• [WHAT YOU SHOULD DO]: Scan the lines below for the string "FinTech" and copy every one that has it.

• [LISTED RECORDS]:
-- Opening Marker --
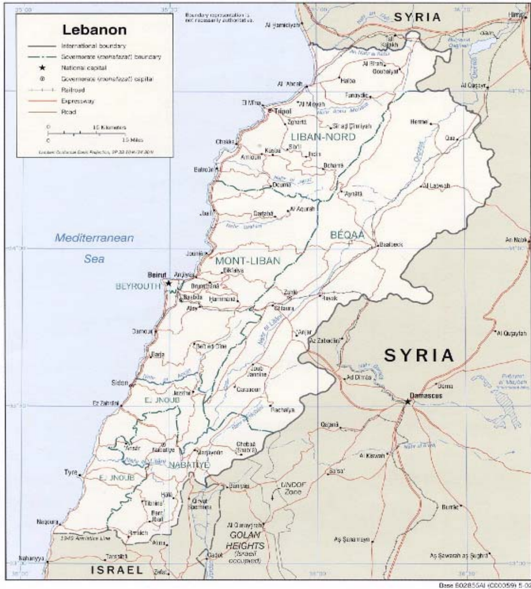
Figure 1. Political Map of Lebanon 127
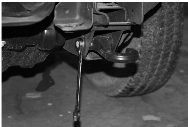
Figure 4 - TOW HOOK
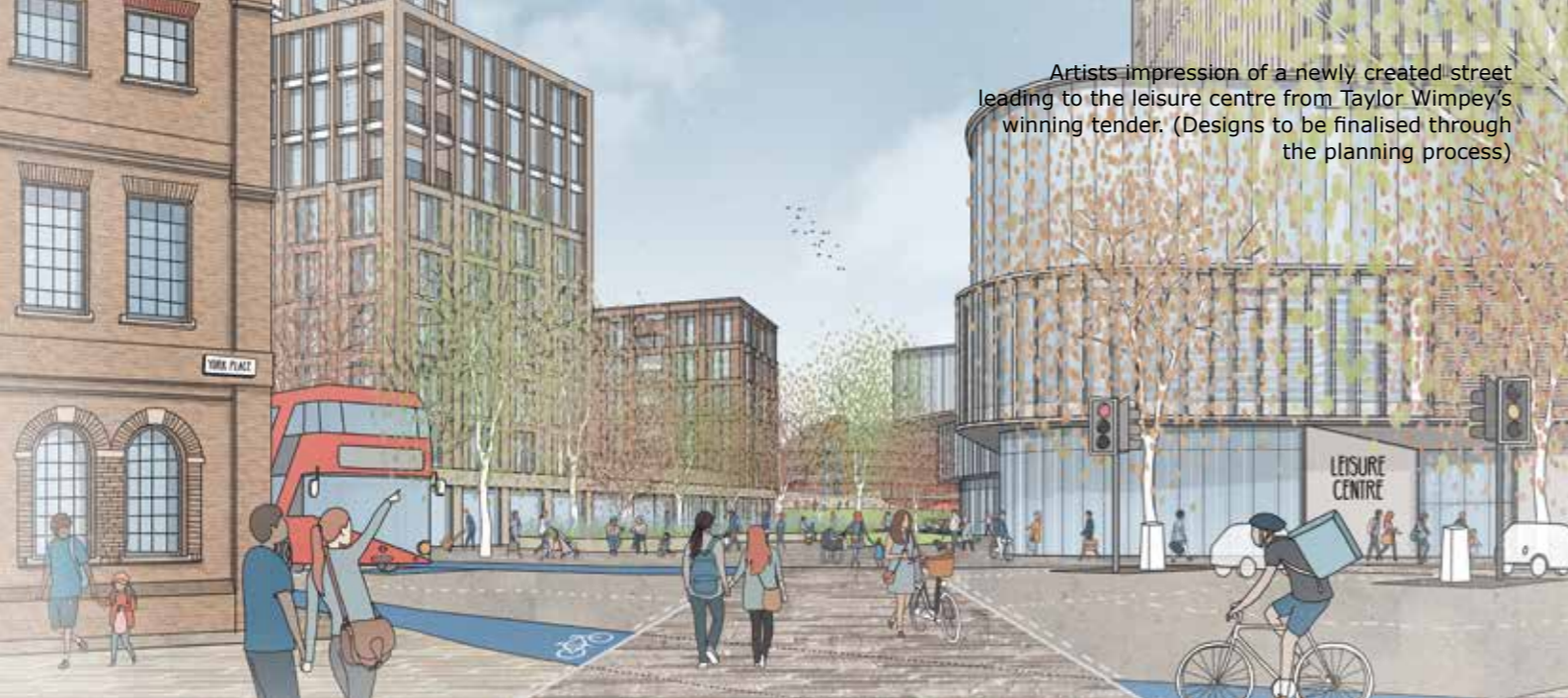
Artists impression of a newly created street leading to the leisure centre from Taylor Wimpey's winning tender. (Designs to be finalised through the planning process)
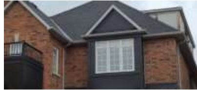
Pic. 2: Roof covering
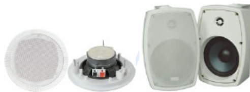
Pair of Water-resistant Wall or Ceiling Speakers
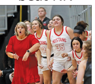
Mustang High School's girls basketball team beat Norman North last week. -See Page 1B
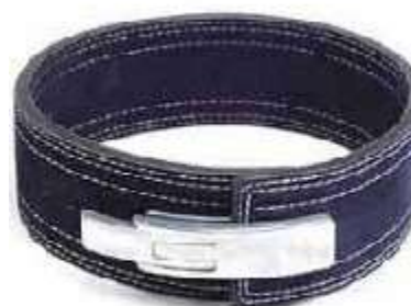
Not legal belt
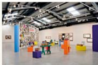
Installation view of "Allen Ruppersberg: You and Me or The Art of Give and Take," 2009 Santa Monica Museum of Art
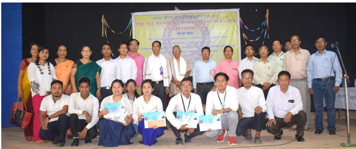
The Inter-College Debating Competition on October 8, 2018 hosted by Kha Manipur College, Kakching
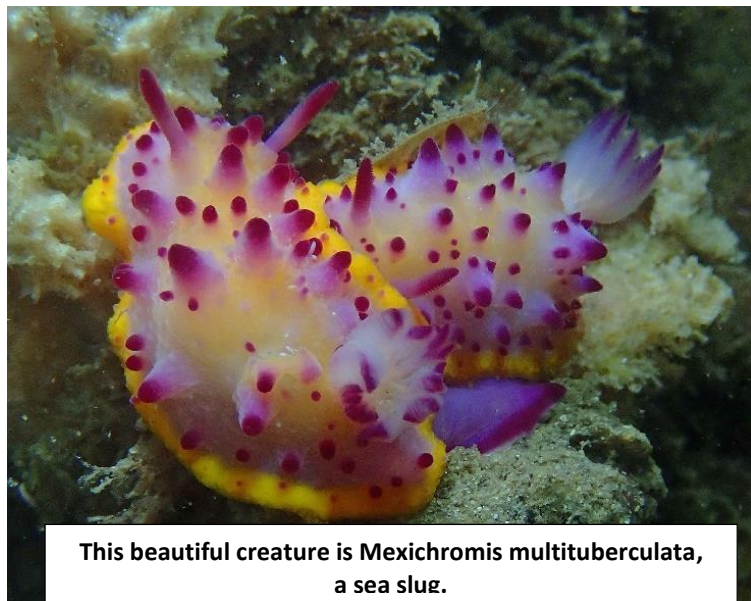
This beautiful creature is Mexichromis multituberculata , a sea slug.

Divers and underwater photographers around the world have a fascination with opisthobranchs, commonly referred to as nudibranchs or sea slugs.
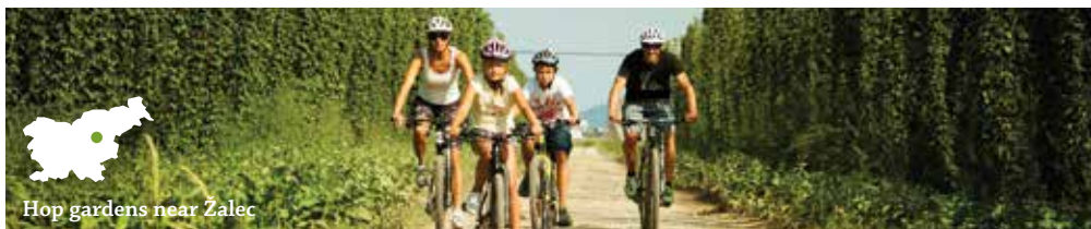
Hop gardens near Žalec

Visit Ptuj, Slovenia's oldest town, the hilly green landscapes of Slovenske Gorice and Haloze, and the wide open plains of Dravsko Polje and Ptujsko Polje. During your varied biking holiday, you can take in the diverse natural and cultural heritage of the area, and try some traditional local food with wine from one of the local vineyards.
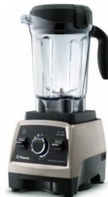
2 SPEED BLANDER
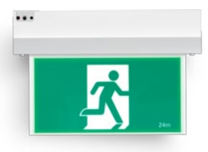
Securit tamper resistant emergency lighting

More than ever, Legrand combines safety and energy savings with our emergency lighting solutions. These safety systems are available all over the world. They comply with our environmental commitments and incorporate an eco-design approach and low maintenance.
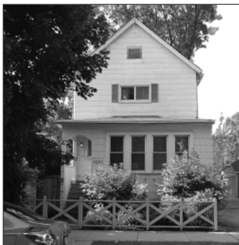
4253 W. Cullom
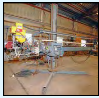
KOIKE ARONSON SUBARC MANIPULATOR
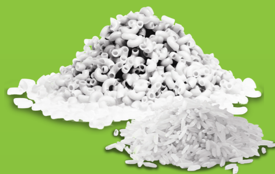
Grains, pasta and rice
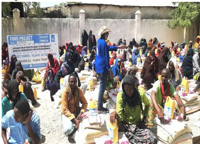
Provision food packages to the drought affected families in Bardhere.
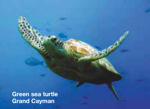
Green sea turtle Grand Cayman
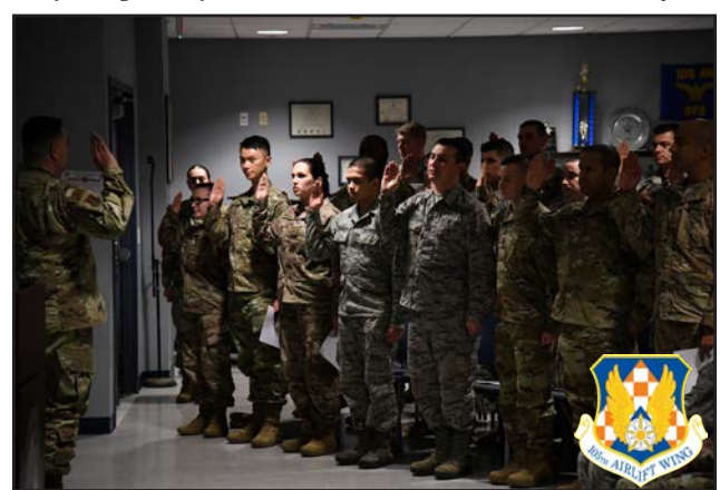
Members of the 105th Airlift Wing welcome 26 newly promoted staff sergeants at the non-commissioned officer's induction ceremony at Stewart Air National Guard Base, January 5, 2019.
-- Closing Marker --
-- Opening Marker --
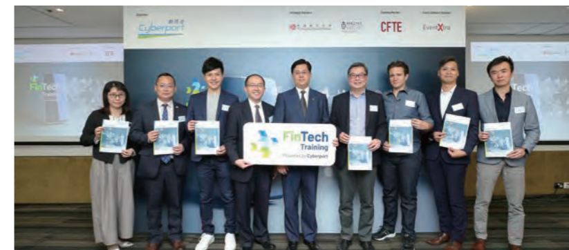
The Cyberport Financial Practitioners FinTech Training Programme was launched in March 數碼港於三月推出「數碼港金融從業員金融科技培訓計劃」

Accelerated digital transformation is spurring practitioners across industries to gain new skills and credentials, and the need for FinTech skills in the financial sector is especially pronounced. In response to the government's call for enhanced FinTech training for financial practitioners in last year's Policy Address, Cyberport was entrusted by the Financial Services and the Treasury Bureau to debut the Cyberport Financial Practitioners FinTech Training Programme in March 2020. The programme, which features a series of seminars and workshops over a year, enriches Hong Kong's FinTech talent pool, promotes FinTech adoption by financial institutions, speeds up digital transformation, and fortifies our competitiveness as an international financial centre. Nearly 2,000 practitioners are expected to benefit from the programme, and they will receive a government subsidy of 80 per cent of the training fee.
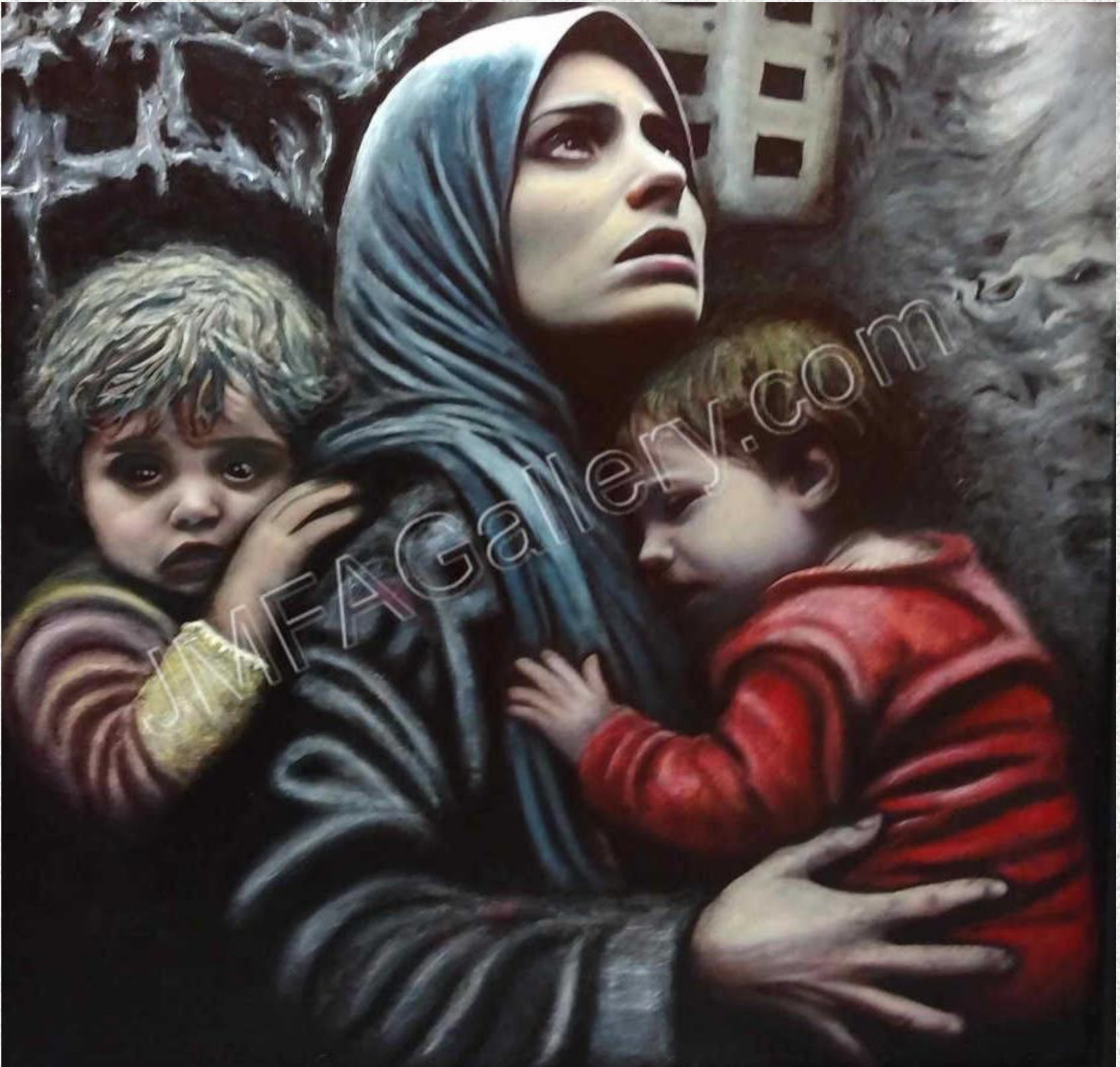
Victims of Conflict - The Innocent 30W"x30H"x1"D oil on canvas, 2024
-- Closing Marker --
• [TASK RESPONSE]:
The Cyberport Financial Practitioners FinTech Training Programme was launched in March 數碼港於三月推出「數碼港金融從業員金融科技培訓計劃」
Accelerated digital transformation is spurring practitioners across industries to gain new skills and credentials, and the need for FinTech skills in the financial sector is especially pronounced. In response to the government's call for enhanced FinTech training for financial practitioners in last year's Policy Address, Cyberport was entrusted by the Financial Services and the Treasury Bureau to debut the Cyberport Financial Practitioners FinTech Training Programme in March 2020. The programme, which features a series of seminars and workshops over a year, enriches Hong Kong's FinTech talent pool, promotes FinTech adoption by financial institutions, speeds up digital transformation, and fortifies our competitiveness as an international financial centre. Nearly 2,000 practitioners are expected to benefit from the programme, and they will receive a government subsidy of 80 per cent of the training fee.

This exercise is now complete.